# Work task
What you output must match, exactly, the lines from the start of the records to the line containing "ウエストは紐でお好みのフィット感に調整が可能。 | |", both ends kept and pictures excluded.

# Items from a dataset
______________________________
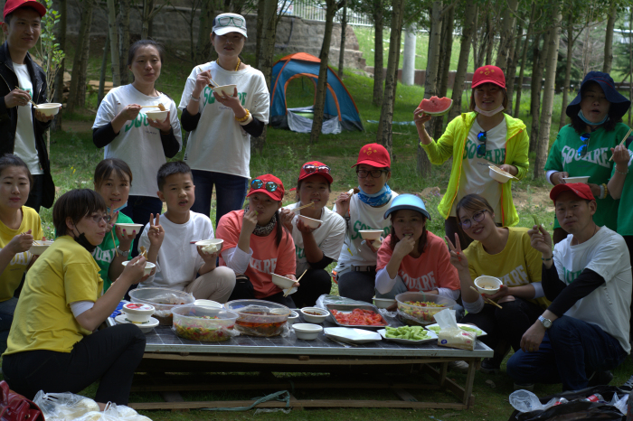 到達(dá)公園后,大家開始支鍋,洗菜的洗菜、烹飪的烹飪、玩兒的玩兒……好不熱鬧。不多久,一頓饕餮大宴就上桌了。在大快朵頤之后大家開始做活動(dòng),拾垃圾、踢毽子、吹氣球等,一系列既環(huán)保又能體現(xiàn)團(tuán)隊(duì)協(xié)作比賽活動(dòng)拉近了所有參與者的距離,最后還為所有參與者贈(zèng)送了小禮品。大家在歡歌笑語(yǔ)中享受到了一頓豐盛的“綠色大餐”。
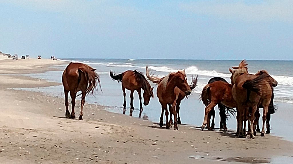 Hazel was part of a herd of about 100 Spanish horses that occupy a beach area north of Corolla off North Carolina’s coast. She “seemed to enjoy her role as honorary grandmother to the foals” and was often seen babysitting them, according to the organization.
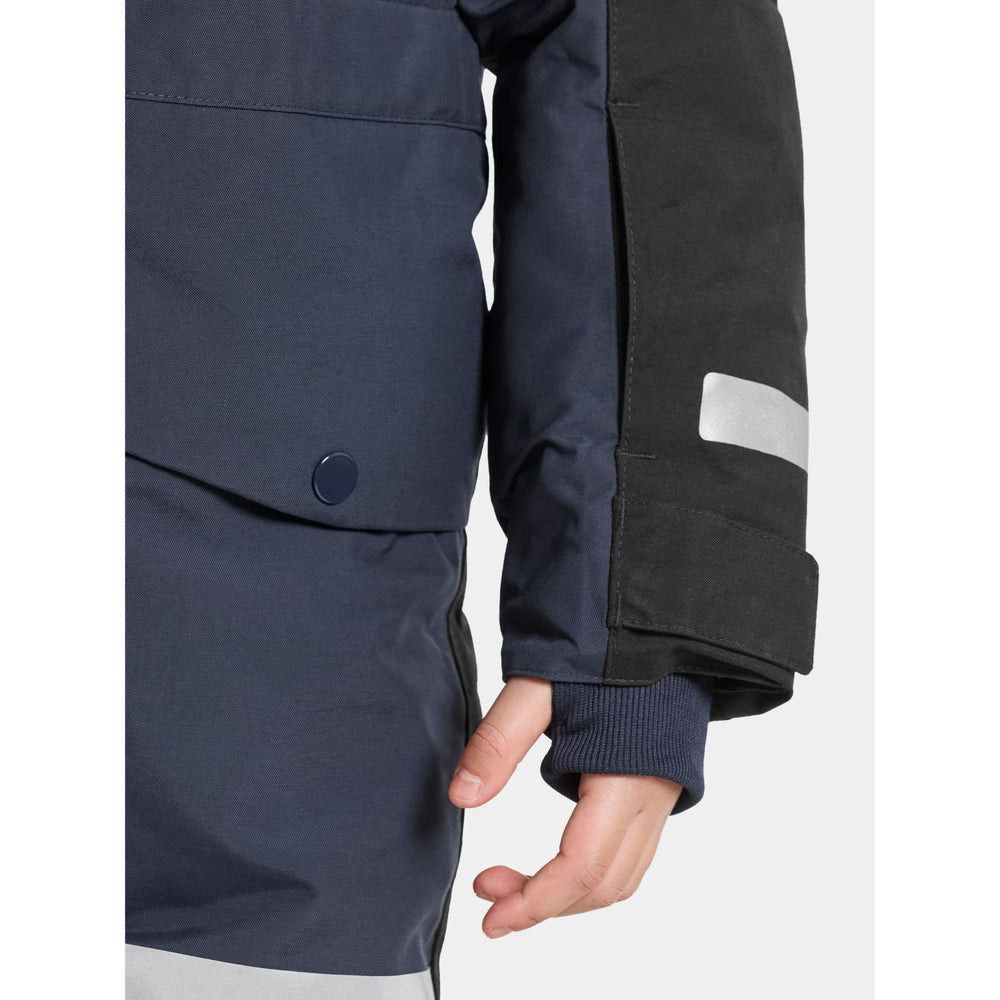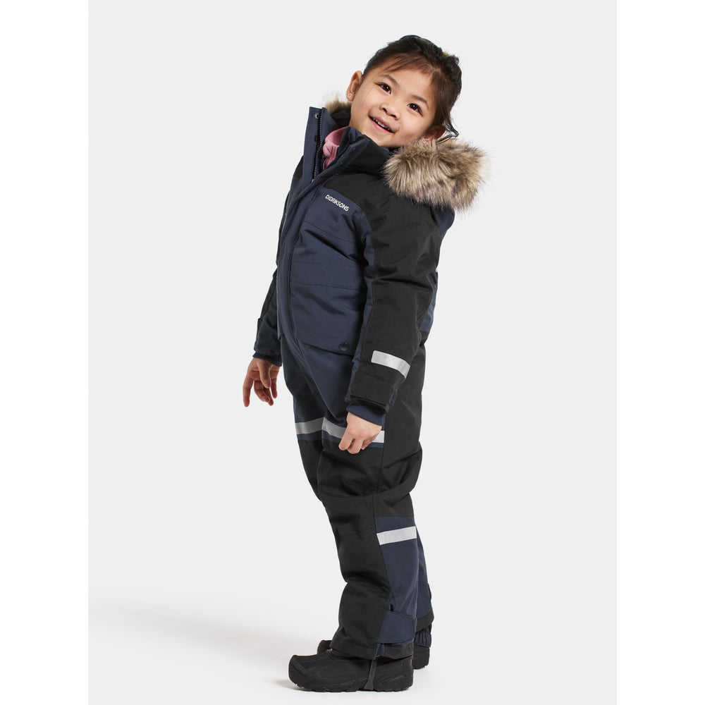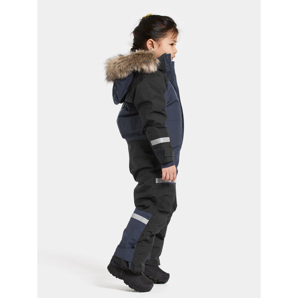 Upplev värmen och skyddet med Didriksons Navy Bjärven Kds Cover 4, en välutrustad vinteroverall designad för barnens vinteräventyr. Denna overall är gjord för att hålla ditt barn torrt och bekvämt tack vare dess ergonomiska snitt och smarta tygmappning. Den justerbara och avtagbara huvan med eller utan syntetisk päls, samt de justerbara bensluten med snölås och silikonfotremmar, ger optimal anpassning och skydd mot snö och kyla.
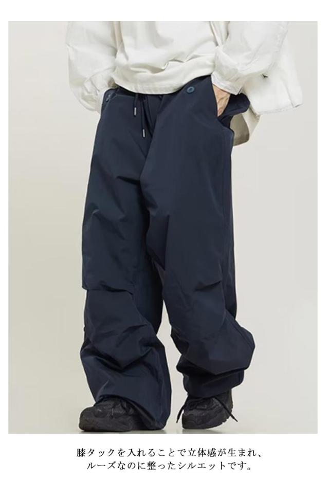 | ボリュームのある立体的なカーゴパンツの登場です。 膝タックを入れることで立体感が生まれ、ルーズなのに整ったシルエットです。 薄手ながらもパシっとした生地感で、良シルエットを崩さず保ちます。 ウエストは紐でお好みのフィット感に調整が可能。 | |
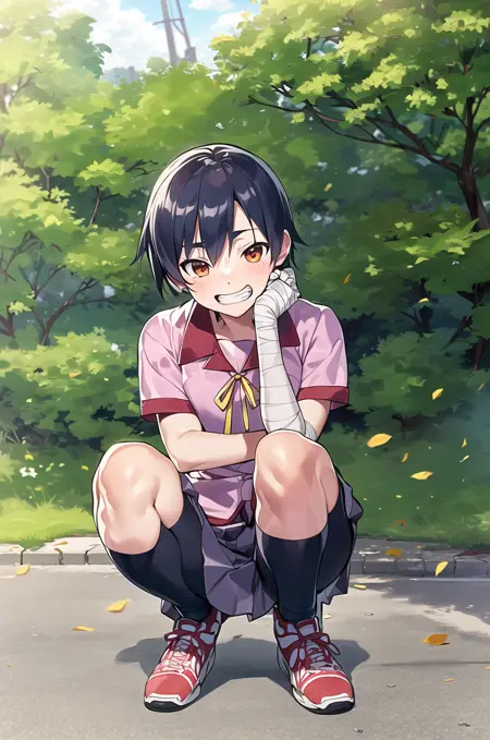 Kanbaru Suruga(来自《物语系列》)的LoRA模型。预览图使用了0.8的权重。该模型在权重为1时仍能正常工作,但使用稍低的权重效果更佳。
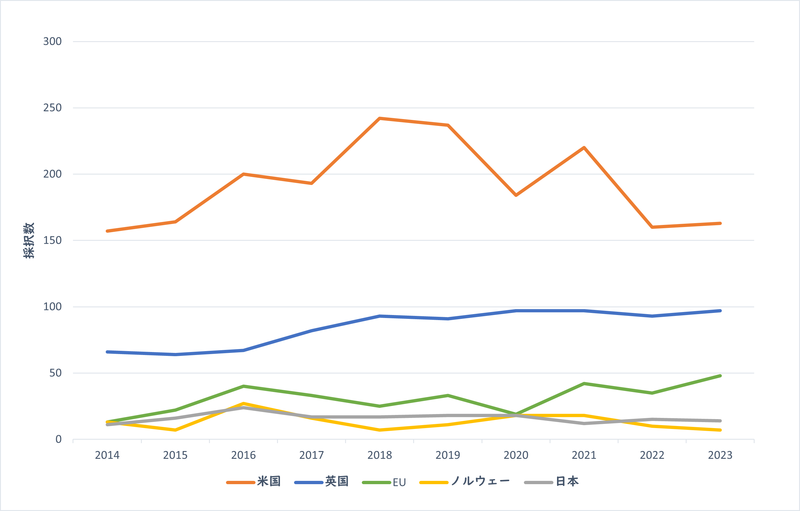 つづいて図2は、2014年から2023年までの、バイオDXに関連するグラントプロジェクトの件数が上位5か国の動向です。ただし、中国はグラントデータを非公開としており、実態を反映していない可能性が高いため除外しました。また、公開直後のグラント情報にはデータベースに格納されていないものもあり、直近の集計値については過小評価されている可能性があります。
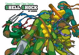 The shell can also be interchanged depending on the opponent. When Shellshock is enlarged he says Waitll those teenage mutants see what a full-grown turtle can do referring to the Teenage Mutant Ninja Turtles. In contexts of TMNT its usually used as a title or term dealing with a pun.
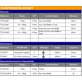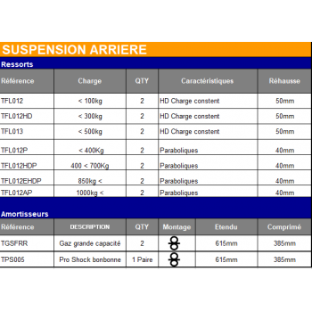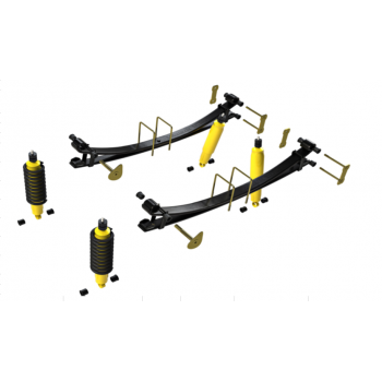 Kit suspension TERRAIN TAMER comprenant 4 amortisseurs, 2 ressorts (tarage au choix), 2 lames, ainsi que l’ensemble des composants associés : silentblocs, brides, jumelles et axes de lames. Conçu pour répondre aux besoins de remplacement et d’entretien du système de suspension.
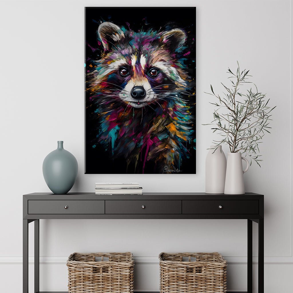 Viele kleine bunte Farbkleckse und Striche ergeben diesen süßen Waschbären, das auf einem schwarzen Hintergrund zu sehen ist. Die vielen kleinen Farbkleckse ergeben ein einzigartiges Kunstwerk, das die Schönheit der Dame und die Kreativität des Künstlers auf wunderbare Weise vereint.
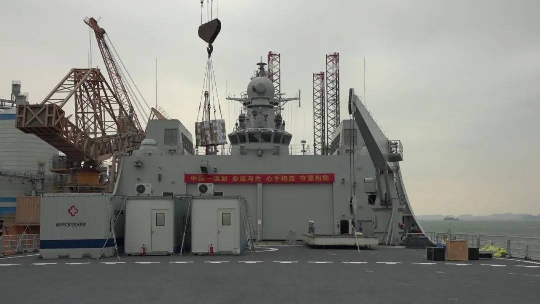 五指山舰作为编队指挥舰还配备了专业医疗卫生人员和装备,具备疫情防控和医疗救治能力。编队也将根据汤方后续请求,提供力所能及的帮助。
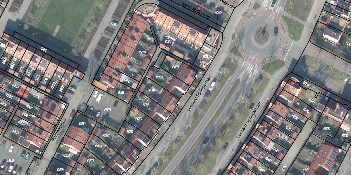 Het perceel waarop Leonard Springerlaan 107 staat heeft een oppervlakte van 215 m². Dit is een middelgroot perceel. De perceeloppervlakte wordt geregistreerd door het Kadaster. Gedetailleerde informatie over de maten van dit perceel kunt u vinden in het rapport Kadastrale kaart met maatvoering van Leonard Springerlaan 107.
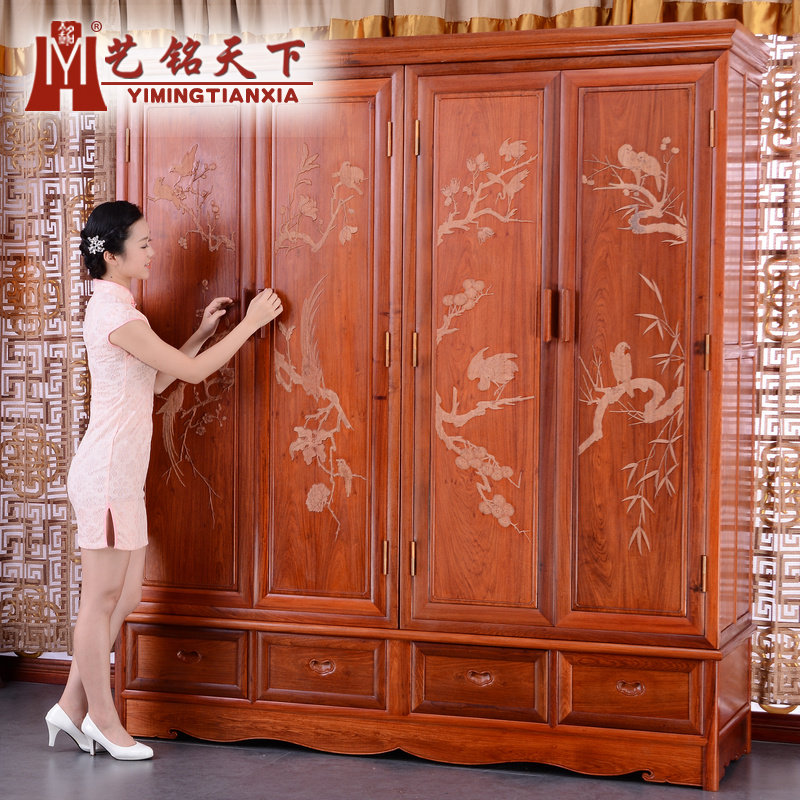艺铭天下明清缅甸花梨木雕花顶箱柜G-6301
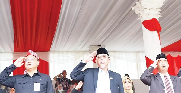 MEWAKILI Pimpinan DPRD Kaltim, Anggota DPRD Kaltim Kaharuddin Jafar dan Harun Al Rasyid menghadiri Upacara Peringatan Hari Ulang Tahun (HUT) ke-24 Kota Bontang di Stadion Bessai Berintai, Bontang, Kamis (12/10/2023).
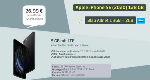 Apple iPhone SE (2020) (128 GB) + 5 GB LTE + Alles-Flat für 26,99€/Monat – effektiv 5,99€/Monat
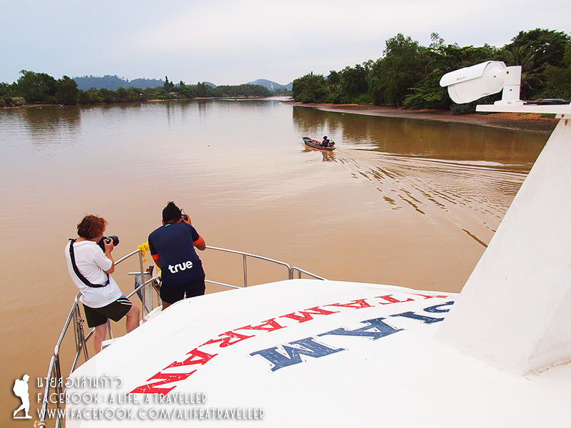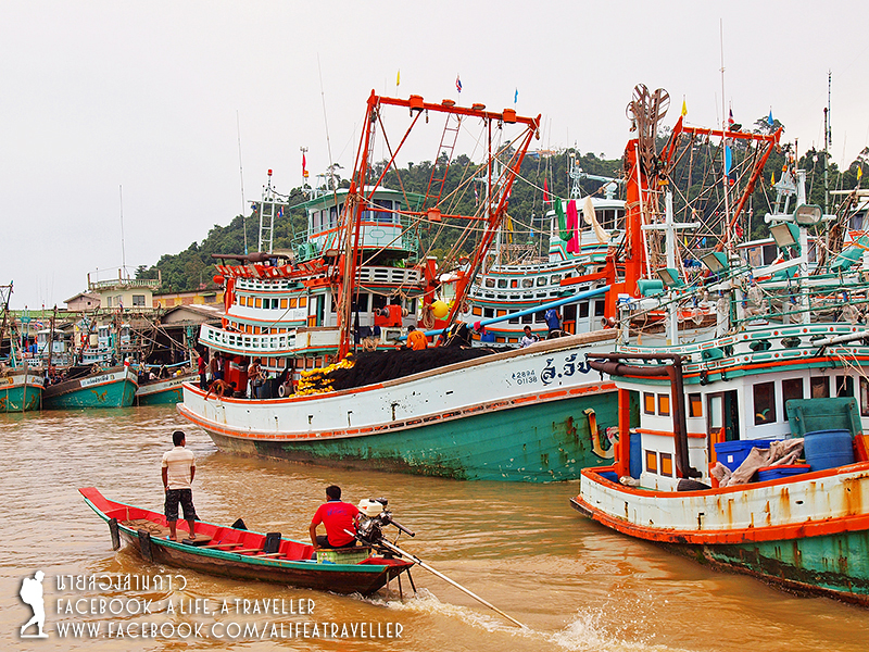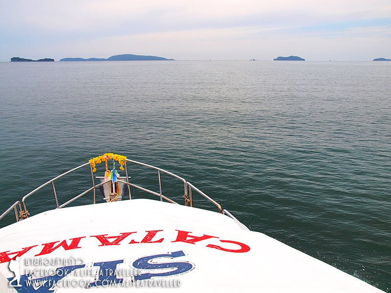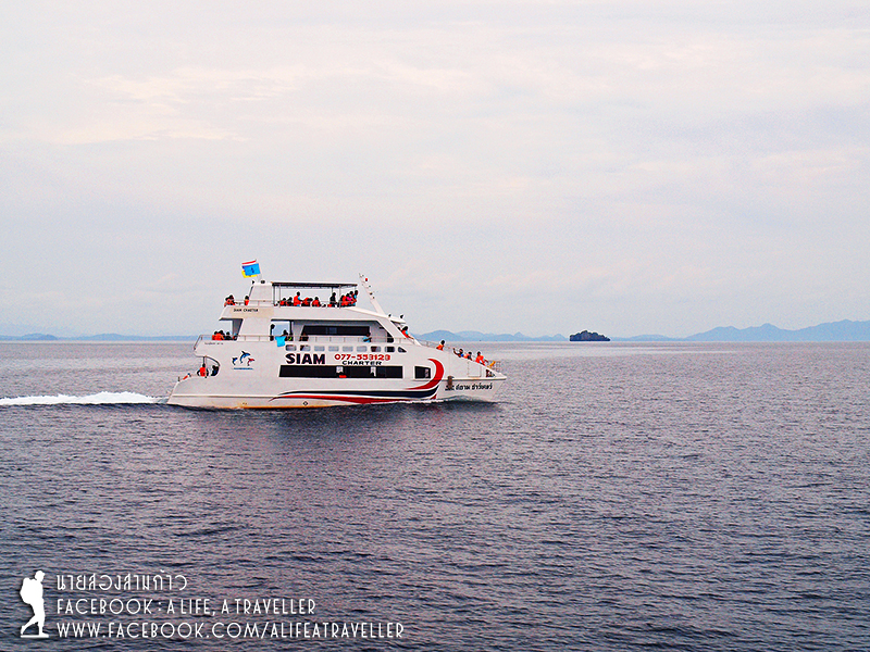 เรามาขึ้นเรือกันบริเวณท่ายาง แถวนี้มีท่าเรือหลากหลายบริษัทอยู่นะ แล้วค่อยแล่นไปตามคลองท่าตะเภา ผ่านชุมชนประมงขนาดใหญ่ ใช้เวลาประมาณ 45 นาที จึงถึงปากอ่าวเพราะว่าแล่นเร็วมากไม่ได้ แต่พอสู่ออกทะเลกว้างเท่านั้นแหละก็ติดเครื่องเต็มกำลัง สภาพท้องฟ้ามัวหมองตามฤดู ตอนนี้อย่าว่าแต่แดดเลย ขอพียงภาวนาให้ฝนไม่ตกนับว่าบุญโข
______________________________
# Answer area
 到達(dá)公園后,大家開始支鍋,洗菜的洗菜、烹飪的烹飪、玩兒的玩兒……好不熱鬧。不多久,一頓饕餮大宴就上桌了。在大快朵頤之后大家開始做活動(dòng),拾垃圾、踢毽子、吹氣球等,一系列既環(huán)保又能體現(xiàn)團(tuán)隊(duì)協(xié)作比賽活動(dòng)拉近了所有參與者的距離,最后還為所有參與者贈(zèng)送了小禮品。大家在歡歌笑語(yǔ)中享受到了一頓豐盛的“綠色大餐”。
 Hazel was part of a herd of about 100 Spanish horses that occupy a beach area north of Corolla off North Carolina’s coast. She “seemed to enjoy her role as honorary grandmother to the foals” and was often seen babysitting them, according to the organization.
 Upplev värmen och skyddet med Didriksons Navy Bjärven Kds Cover 4, en välutrustad vinteroverall designad för barnens vinteräventyr. Denna overall är gjord för att hålla ditt barn torrt och bekvämt tack vare dess ergonomiska snitt och smarta tygmappning. Den justerbara och avtagbara huvan med eller utan syntetisk päls, samt de justerbara bensluten med snölås och silikonfotremmar, ger optimal anpassning och skydd mot snö och kyla.
 | ボリュームのある立体的なカーゴパンツの登場です。 膝タックを入れることで立体感が生まれ、ルーズなのに整ったシルエットです。 薄手ながらもパシっとした生地感で、良シルエットを崩さず保ちます。 ウエストは紐でお好みのフィット感に調整が可能。 | |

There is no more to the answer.